Ah, summer evenings in the city. Along the lakefront, young urban professionals are playing volleyball in organized leagues. They’re playing softball, too, and soccer and even football. Jason Erkes is making money from many of them.

Twelve years after the Olympia Fields native and former TV news producer bought the Chicago Sport and Social Club with a group of investors, Mr. Erkes has transformed what was a dead business, with a few dozen Chicago Park District permits and a floppy disk of 6,000 email addresses, into the nation’s largest adult recreational sports company by participation, according to the Sport and Social Industry Association.

With about 5,400 leagues in 20 sports and a stronghold on prime playing facilities in and around the city, Sport and Social, as it’s informally known, will host nearly 100,000 players this year, generating revenue of more than $7 million, based on a Crain’s estimate. (Mr. Erkes declines to discuss these figures.) That’s more than twice the number of leagues and sports it offered when Mr. Erkes, 43, acquired the business after it was shuttered unexpectedly in 2001, when its dot-com parent went bust.

“We wanted to rebuild the company’s brand name and re-establish the good will that had existed for so many years,” he says.

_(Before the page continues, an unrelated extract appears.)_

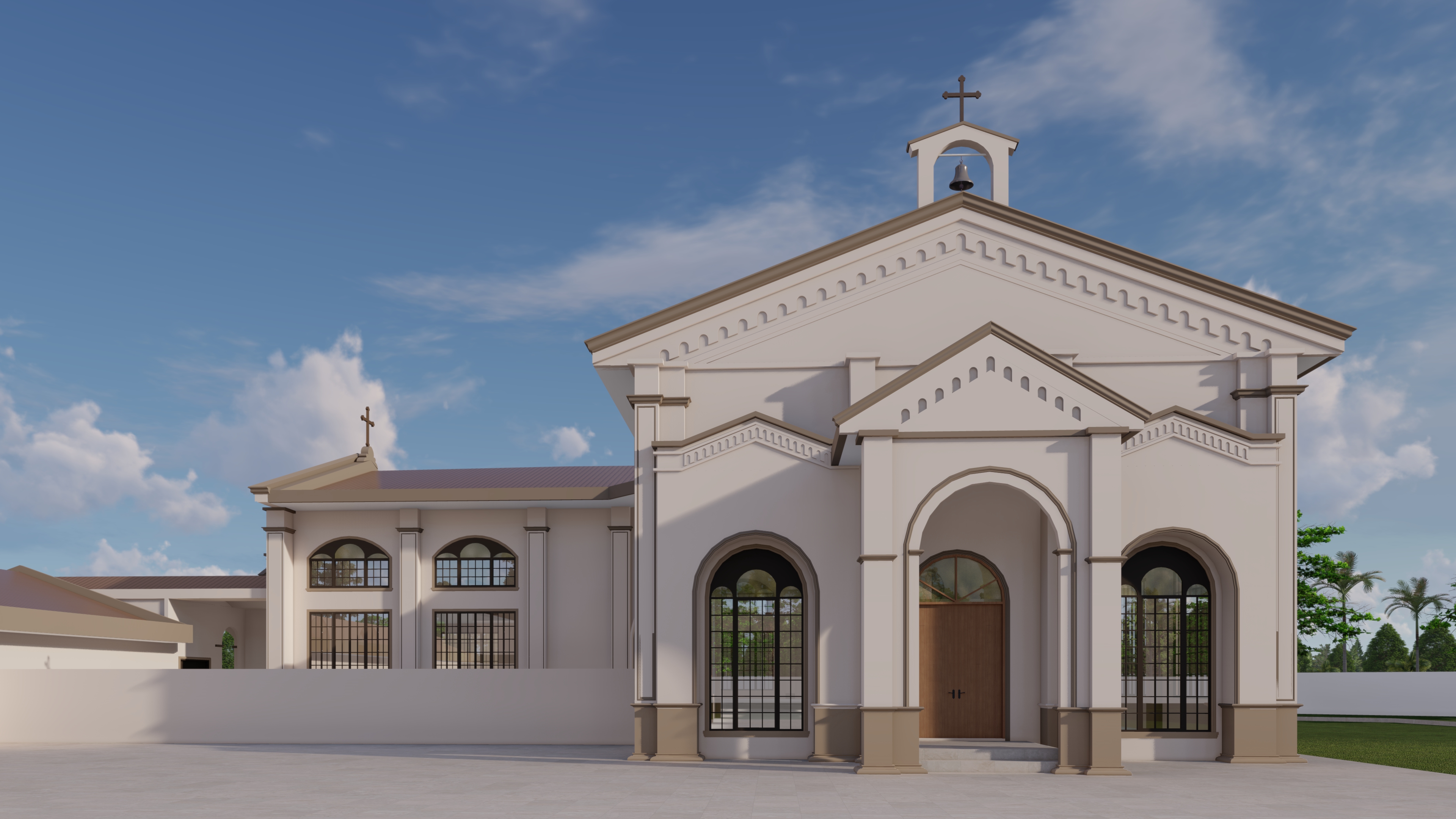 generate this reference image into a very realistic photo similar to a dslr camera photo with ultra hd resolution without changing the layout geometry and material textures in the reference image enhance the material texture in the image to be very realistic a serene chapel with a soft light illuminating the white and beige church walls the wooden doors should have a rich warm brown tone natural lighting without additional effects output ratio 16 9

In the process, he and his staff of 15 full-time employees have collected a demographic that marketers covet. Sport and Social participants largely are college-educated singles between ages 22 and 35; the average age is 27. Many have money and ambition, too. Taverns love sponsoring teams, while big companies, including Chipotle Mexican Grill Inc., 3M Co. and MillerCoors LLC, love backing the club itself.

“It’s very unusual to have that all-encompassing adult group,” says Enrico DiMario, global business director at Wilson Sporting Goods Co., which has sponsored Sport and Social for 15 years and provides new equipment each season at a discount.